What happened during your interview?
My interview was split into two with a half an hour break in the middle. I found the first interview very stressful and I was very tense. I tried to relax and joke but it was a serious atmosphere. This made me feel like I’d done really bad, but my understanding of it now is that they try to pressure you to see if you crack (*this is just this student’s opinion – this might not be true).

There were many questions in which I was cut off and they asked one question deliberately which I would never have been able to answer. In this situation I calmly asked if they could explain it a bit more. I think the ability to ask for help is a good attribute for medical students and that is why they asked the question (*this is just an opinion, this might not be what the interviewer was looking for!)

Do you have any further advice?
In your interviews, put a smile on your face even if you seem scared. Always be yourself.


Problem-based learning: PBL is a teaching style that many universities use to teach their medical students. Usually, you will work to solve a problem, and this is how you learn about the solution, rather than being taught the solution first and then applying it.

Clinical work experience:  Not every student will complete clinical work experience before they apply to medical school. Don’t worry, this is not required to be able to apply. You can use non-clinical work experience (e.g. a caring role, like in a care home) or even reflect on paid work you’ve done (e.g. in customer service) in a productive way.

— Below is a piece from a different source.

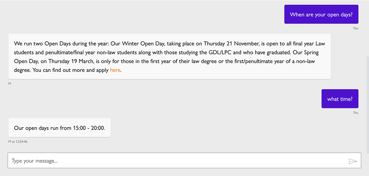 The Mishcon de Reya chatbot also included advanced functionality to help the chatbot understand that questions which had preceded them would have influence over questions that came later in the conversation.

Passmed:  Passmed offers 6 months free UCAT revision, but also offers paid revision support for medical students during their courses. Lots of students use it to help them prepare for UCAT.

YouTube: There are many current and recent medical students who create videos on YouTube about their experience and advice about applying. Remember that their experience is personal and individual, and may not reflect yours. They might provide some useful advice but remember that they might be advertising paid for services. Take their advice as part of a more holistic approach alongside moderated advice such as ours, and official advice from universities and test providers. 

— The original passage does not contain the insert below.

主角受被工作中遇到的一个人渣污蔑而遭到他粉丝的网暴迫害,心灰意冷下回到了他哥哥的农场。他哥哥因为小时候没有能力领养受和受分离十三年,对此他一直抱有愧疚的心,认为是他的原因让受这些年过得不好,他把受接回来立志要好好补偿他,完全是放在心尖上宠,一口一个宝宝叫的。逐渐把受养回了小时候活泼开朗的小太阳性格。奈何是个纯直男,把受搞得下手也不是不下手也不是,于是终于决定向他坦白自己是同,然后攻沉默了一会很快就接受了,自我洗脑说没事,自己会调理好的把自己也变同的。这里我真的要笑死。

The Medic Portal: The Medic Portal is a popular website that provides resources to help you prepare your medicine application. The Medic Portal has some free resources online but some are paid-for. There are good, free alternatives for preparation available online, so check out our guides and the university websites for details.

Support networks:  While not every student will have a support network to help them prepare, there are plenty of other ways to prepare for your admissions tests and interviews, such as through free online resources, like on our website. 

Mock interview: Don’t worry if you didn’t have this opportunity. Interviews are designed to take into account that not everyone has the same level of preparation. See our guides and blogs on interviews to find out more about free online resources.

Mentoring: Not everyone has had mentoring and some mentoring programmes services may have particular criteria for you to join the programme. Don’t worry if you’ve not had this opportunity. There are plenty of free online resources to help you prepare for the application process, like on our website, and not having a mentor will not put you at a disadvantage.